You mean we do not even own our own money supply?  No, we don't.  We should.  We must.  Money is a private system now.  It must become a public system.  In addition to who owns the system, the concept of what money is needs to change to facilitate what it does.  Concepts of what it does or can do at the private level as well as the common good level also have to be examined.  What we want it to be and what we want it to do.

Go back to basics and devise a system to serve ourselves.  Isn't that what we once did so successfully as an alternative to being a subjugated player in a system run by someone else for their benefit and enforced with an unjust power?

Dollar bills and coins.  We are in the dawning of a great information age.  Think dollar bills and coins in a computer system.  They all exist there now.  All we have to do is to give them substance as a medium of exchange to replace the fallacy of calling them debt.  That is something that is done with money.  It is not money.

Money is a Class containing all dollars denominated in unit amounts and coins.  Both dollars and coins exist as physical and virtual objects.  Dollars exist as paper notes and computer records.  Coins exist as metal tokens and computer records. 

An instance of the class Money is:

Paper Dollar:  A single uniquely serialized, denominated paper note.

Virtual Dollar:  A single uniquely serialized, denominated computer record.

Metal Coin:  A single metal token bearing an denomination amount that is an established division of a whole, single, one dollar denomination.

Virtual coin:  A single unit which is a denominated amount of a designated dollar denomination.

The break point for  physical paper dollars and metal coins is One Dollar, (with notable exceptions) mostly for physical convenience and utility.

In a virtual system of coins, factors of convenience and utility related strictly to physical factors do not exist.  Detatching them from these physical aspects of their use allows focus on improving functional benefits in a virtual monetary system.
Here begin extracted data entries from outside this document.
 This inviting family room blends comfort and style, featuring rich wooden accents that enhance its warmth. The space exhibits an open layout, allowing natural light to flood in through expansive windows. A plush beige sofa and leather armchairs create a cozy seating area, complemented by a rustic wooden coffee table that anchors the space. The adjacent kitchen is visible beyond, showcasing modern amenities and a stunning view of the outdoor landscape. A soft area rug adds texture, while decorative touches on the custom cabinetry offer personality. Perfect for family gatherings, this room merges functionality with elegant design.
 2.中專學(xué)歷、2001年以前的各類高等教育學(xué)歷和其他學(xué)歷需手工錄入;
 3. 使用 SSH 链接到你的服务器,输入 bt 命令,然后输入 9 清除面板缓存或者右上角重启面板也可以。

What might be the optimal functional benefits of virtual coins in a virtual money system?

Glad you asked.

This might seem to be a strange reply but think about it: 

The solution to correct the problems with our dollar money system is to replace a private dollar debt money system with a public dollar real Sovereign Money system in accordance with the authority of the Constitution.  Private dollars become public dollars and their nature changes.
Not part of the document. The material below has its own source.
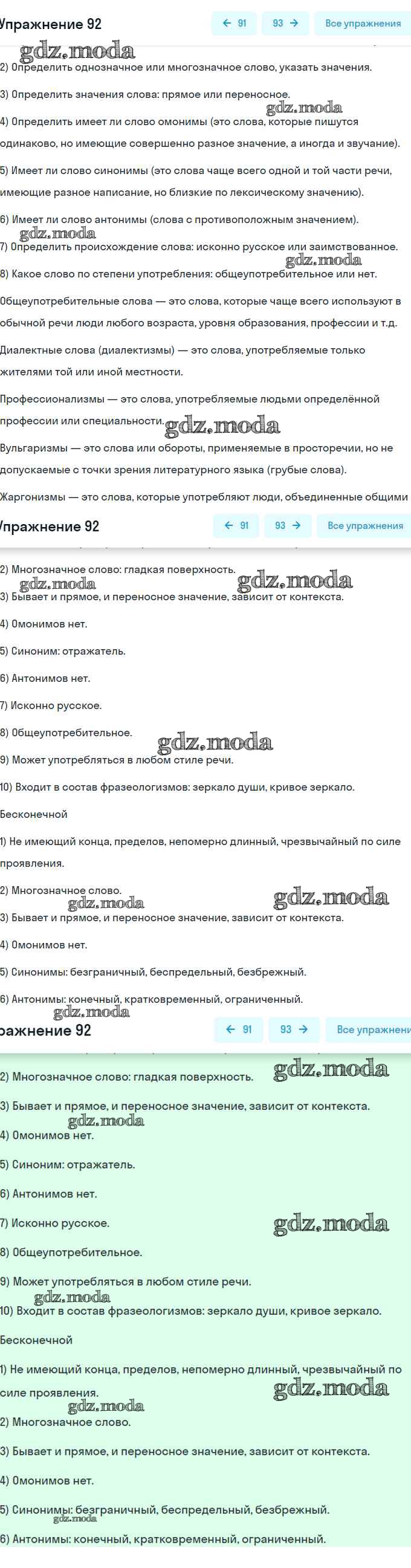 ОТВЕТ на задание № 92 Учебник по Русскому языку 7 класс Разумовская УМК
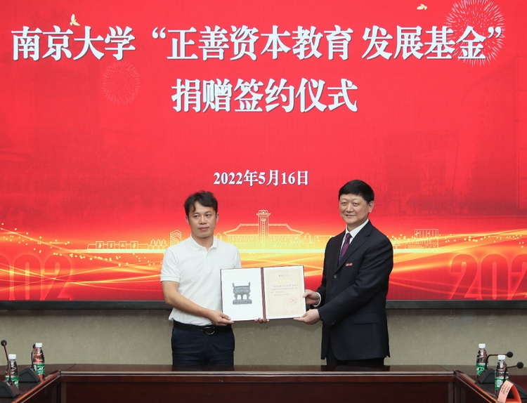 5月16日,南京大学"正善资本教育发展基金"捐赠签约仪式在仙林校区举行。南京大学党委书记胡金波,南京正善资产管理有限公司创始合伙人、社会学院2003级校友柯杰出席仪式。仪式由南京大学社会学院院长成伯清主持。

Coins are now in fact  a public Sovereign Money system of the United States of America.  The only Sovereign Money we have.  You might call us a two-bit nation.  Not funny but ironically amusing.  We have been reduced to that by the private money system.

I suggest that in a virtual system that coins, as previously defined, become the domain of private money systems.  Keep in mind the meaning of the key wording of the virtual coin system:  Its domain of operation is that of a denominated dollar amount.  In other words, money transactions below $1,000 or $100 dollars would be done with private money systems.  The only requirement is that the banker in this system have 100% dollar reserves against the virtual coins in their private system and that their coins are redeemable in dollars upon demand.  Private money virtual coin systems would be regulated by the public money system.

This suggestion would establish a free private enterprise money system applicable to the vast majority of transactions. 

The idea of reversing the domain of current private and public money systems has some interesting ramifications.  Ownership of the big and little money system reverses.  Perhaps both public and private interests would benefit.

In our daily lives we use both private (dollars) and public (coins) physical money without much user view distinction.  A combination of the two still buys a 6 pack.  In the reverse of the system a combination of the two would still buy a car.  In either case the buyer is not much concerned about the combination, only that the total amount gets them what they are paying for.